Description of the task:
What you write should be an exact repeat of the lines from the one with "Serão mais de" through the final line below, minus the pictures.

[Data extracted from a collection]
○ ○ ○ ○

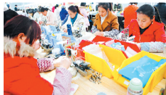
家门口的扶贫车间
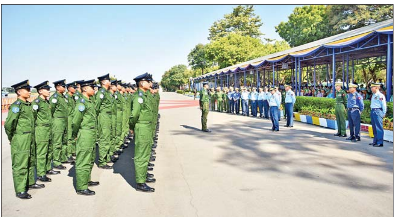
ရေးလုပ်ငန်းများ ထိရောက်စွာဆောင်ရွက်နိုင်စေရန် ပူးတွဲလေ့ကျင့်ခန်းများ အမြဲမပြတ်ပြုလုပ်နေရန် လိုအပ်ကြောင်း။

ပူးတွဲလေ့ကျင့် လက်ရှိကာလတွင် နိုင်ငံတော်အစိုးရ၏ အုပ်ချုပ်မှုယန္တရား၊ လမ်းပန်း ဆက်သွယ်ရေး၊ ပြည်သူ့လူထု၏ အသက်အိုးအိမ်စည်းစိမ်နှင့် အကျိုးစီးပွားများ ကို တိုက်ခိုက်မှုများ၊ တရားမဝင် လက်နက်ကုန်သွယ်မှုများ၊ မူးယစ်ဆေးဝါး ရောင်းဝယ်မှုများ၊ သစ်ခိုးထုတ်မှုများ စသည့် သမားရိုးကျမဟုတ်သည့် စိန်ခေါ် မှုများသည် ပြည်တွင်းငြိမ်းချမ်းရေးနှင့် တည်ငြိမ်ရေးအပေါ် ခြိမ်းခြောက် လျက်ရှိကြောင်း၊ မီးဘေး၊ ရေဘေး၊ လေဘေး၊ မိုးကြိုးဘေး၊ ငလျင်ဘေး၊ ဆူနာမီ ဘေး၊ မြေပြိုဘေး၊ မိုးခေါင်ရေရှားဘေး စသည့် သဘာဝဘေးအန္တရာယ်ကျရောက်မှု များကလည်း ပြည်သူ့လူထုလိုမြို့မြူအပေါ် ခြိမ်းခြောက်လျက်ရှိကြောင်း၊ လူသားချင်းစာနာထောက်ထားမှုနှင့် ဘေးအန္တရာယ်ကယ်ဆယ်ရေး (Humanitarian Assistance and Disaster Relief) လုပ်ငန်းများ ဆောင်ရွက်ရာတွင် တပ်မတော်အနေဖြင့် စနစ်တကျဖွဲ့စည်းထားသော အဖွဲ့အစည်းဖြစ်သည့်အတွက် အားသာသည့် အဖွဲ့အစည်းတစ်ခုဖြစ်ကြောင်း၊ တပ်မတော်၏ အဓိကလုပ်ငန်း တာဝန်ကြီး ၃ ရပ်တွင်လည်း ပြည်သူ့အကျိုးပြုလုပ်ငန်းတာဝန် လုပ်ဆောင်ရန် ဟူ၍ ပါဝင်ကြောင်း၊ ဖွဲ့စည်းပုံအခြေခံဥပဒေတွင်လည်း နိုင်ငံတော်နှင့် နိုင်ငံသား များအတွက် ဘေးအန္တရာယ်ကျရောက်လာလျှင် တပ်မတော်က ကူညီဆောင်ရွက် ရမည်ဟု ပါရှိကြောင်း၊ တပ်မတော် (လေ)သည် ပြည်သူ့အကျိုးပြုလုပ်ငန်းများ၊ သဘာဝဘေးအန္တရာယ် ကယ်ဆယ်ရေးလုပ်ငန်းများ၊ ရှာဖွေကယ်ဆယ်ရေး လုပ်ငန်းများ၊ ပြန်လည်ထူထောင်ရေးလုပ်ငန်းများတွင် အတွေ့အကြုံပေါင်း မြောက်မြားစွာရရှိထားသည်ကို တွေ့မြင်ရမည်ဖြစ်ကြောင်း၊ သဘာဝဘေး အန္တရာယ်ဆိုသည်မှာ အချိန်အခါမရွေးဖြစ်ပေါ်နိုင်ခြင်းကြောင့် ကူညီကယ်ဆယ်
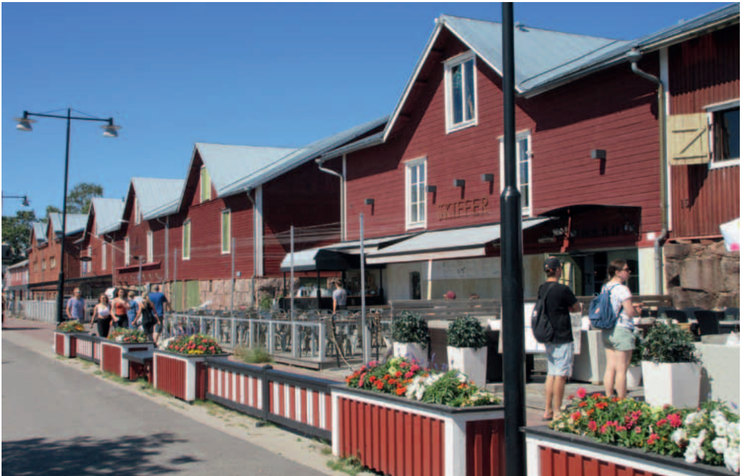
Korona oli karkoittanut terassivieraat Hangon satamassa.
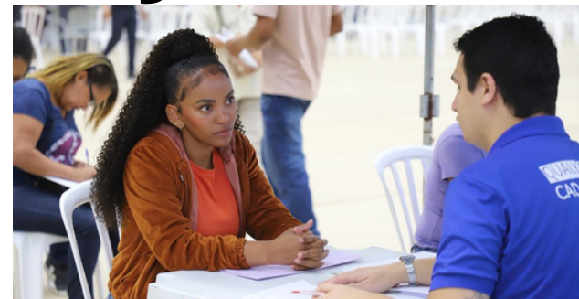
Serão mais de 1.800 vagas em diversos segmentos, incluindo oportunidades para PCDs

Entre os destaques estão 241 vagas destinadas a Pessoas com Deficiência (PCD), oportunidades para Jovem Aprendiz e salários que podem chegar a R$ 4,5 mil. A maior parte das vagas não exige experiência profissional, contemplando candidatos em busca do primeiro emprego ou de uma nova oportunidade.
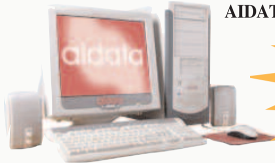
AIDATA Spectra AS-2850
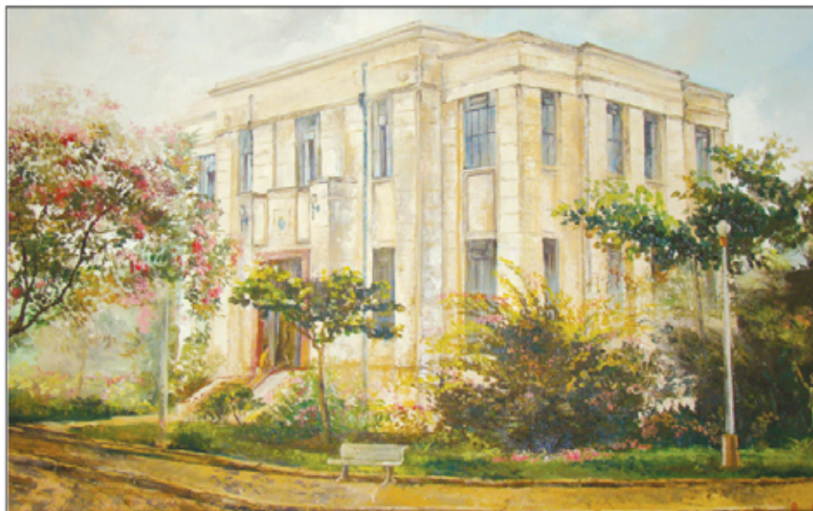
Óleo sobre tela de F. Tegani

“Trata-se, na verdade, de um belo e amplo edifício, dotado de acomodações espaçosas e confortáveis, satisfazendo plenamente ao fim a que foi destinado” – avalia outra nota da imprensa da época.

○ ○ ○ ○

Reply:
Serão mais de 1.800 vagas em diversos segmentos, incluindo oportunidades para PCDs

Entre os destaques estão 241 vagas destinadas a Pessoas com Deficiência (PCD), oportunidades para Jovem Aprendiz e salários que podem chegar a R$ 4,5 mil. A maior parte das vagas não exige experiência profissional, contemplando candidatos em busca do primeiro emprego ou de uma nova oportunidade.
AIDATA Spectra AS-2850
Óleo sobre tela de F. Tegani

“Trata-se, na verdade, de um belo e amplo edifício, dotado de acomodações espaçosas e confortáveis, satisfazendo plenamente ao fim a que foi destinado” – avalia outra nota da imprensa da época.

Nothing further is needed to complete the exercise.